[Form 4] Golden Matrix Group, Inc. Insider Trading Activity
Snezana Bozovic, a director of Golden Matrix Group, Inc. (GMGI), reported acquisition of common stock on August 21, 2025. Under a Post-Closing Cash Consideration Conversion Agreement the company converted $30,000 of non-contingent cash consideration into 22,556 shares at a conversion price of $1.33 per share. After the transaction the reporting person beneficially owned 4,546,769 shares, excluding additional shares held by parties to a January 29, 2025 voting agreement that the filing says may create a group for Section 13(d) purposes. The Form 4 is signed and dated August 26, 2025.
- None.
- None.
Insights
TL;DR: Insider converted $30,000 into 22,556 shares, modestly increasing direct holdings; transaction is routine and non-cash.
The Form 4 documents a conversion of post-closing cash consideration into common stock at $1.33/share, yielding 22,556 shares. This is a non-derivative acquisition by a director, not an open-market purchase, and reflects a contractual conversion rather than a market timing decision. The filing reports 4,546,769 shares beneficially owned following the conversion, with an explicit note excluding shares held by other signatories to a Voting Agreement.
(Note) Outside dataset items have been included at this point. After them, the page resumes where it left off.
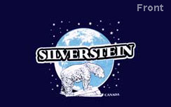 Silverstein’s Polar Bear tee has a Moon surrounded by stars and Silverstein written across it and a polar bear on a rock and Canada on it done in White. Baby blue, and Navy blue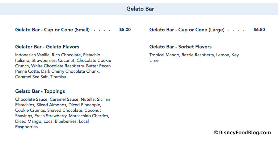 And check out the Gelato Bar offerings… and TOPPINGS LIST!!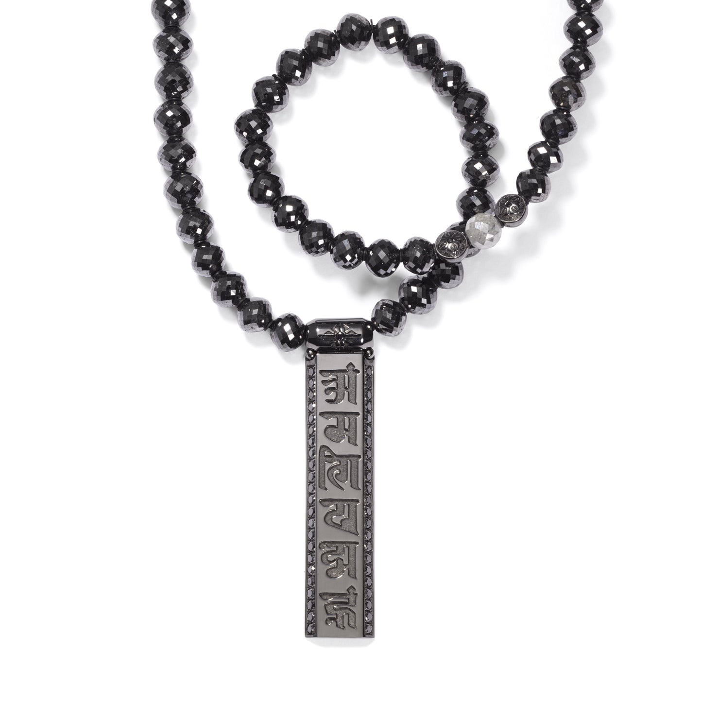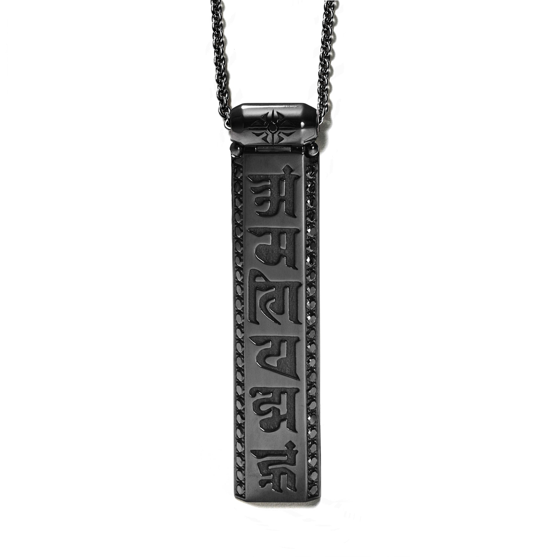 18K White Gold Black Rhodinated and Black Diamonds Pavè Gold Bar pendant, size Large.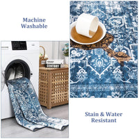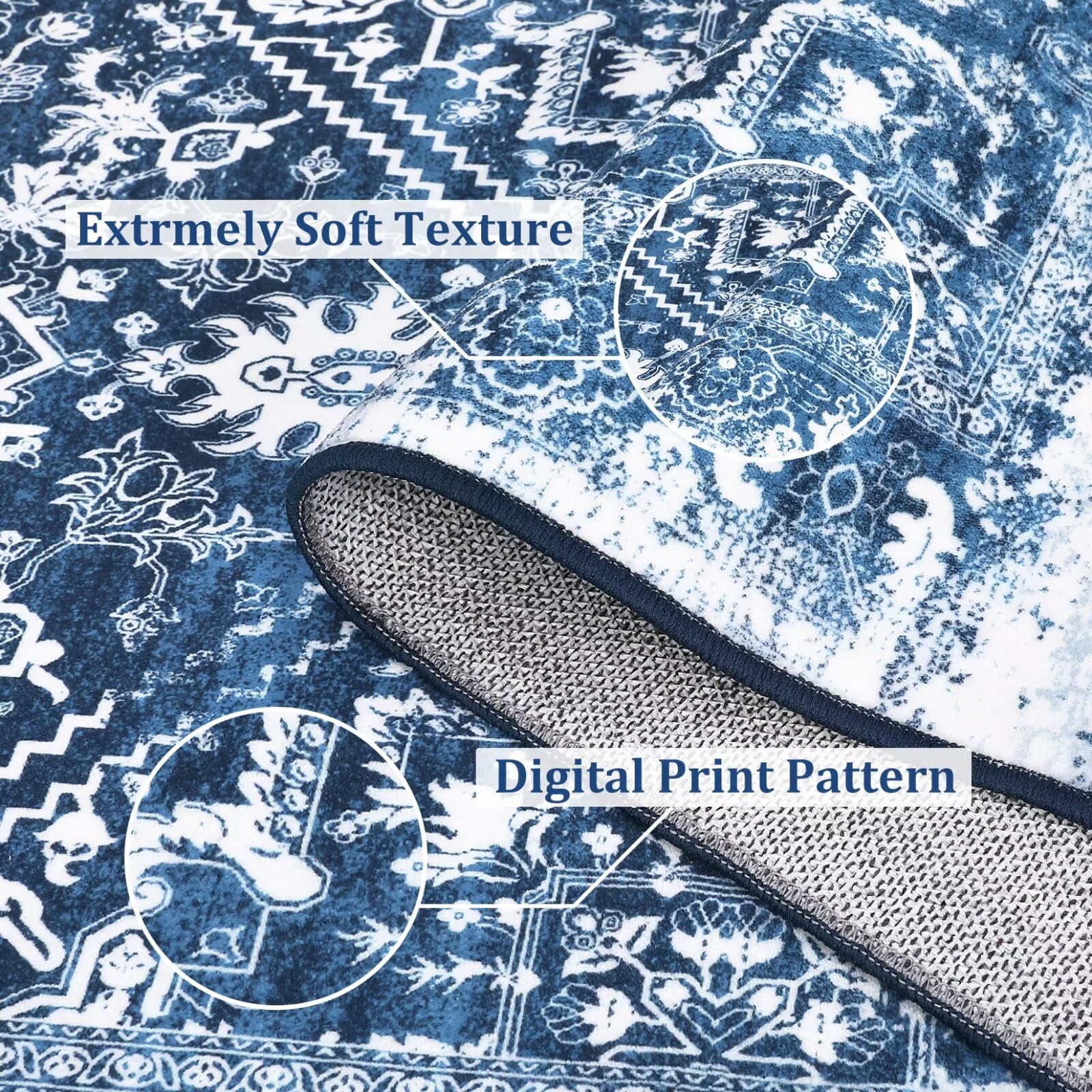 Garvee Large Rug 8x10 Vintage Area Rug Non-Slip Distressed Area Rug Machine Washable Indoor Floor Carpet Low Pile Rug Foldable Accent Rug for Bedroom Nursery, Navy

For investors, this is a transparent insider acquisition but not clearly material to company capitalization absent total share count context.
TL;DR: Transaction is contract-based; the Voting Agreement disclosure raises potential group beneficial-ownership considerations.
The filing highlights that the reporting person is party to an Amended and Restated Nominating and Voting Agreement dated January 29, 2025. The disclosure states the parties to that agreement collectively own more than 10% of outstanding shares, which may have governance implications even though the reporting person disclaims beneficial ownership of others' shares. The careful disclaimer and cross-reference to the issuer's prior report follow disclosure norms, but investors should note the existence of coordinated voting arrangements disclosed in this Form 4.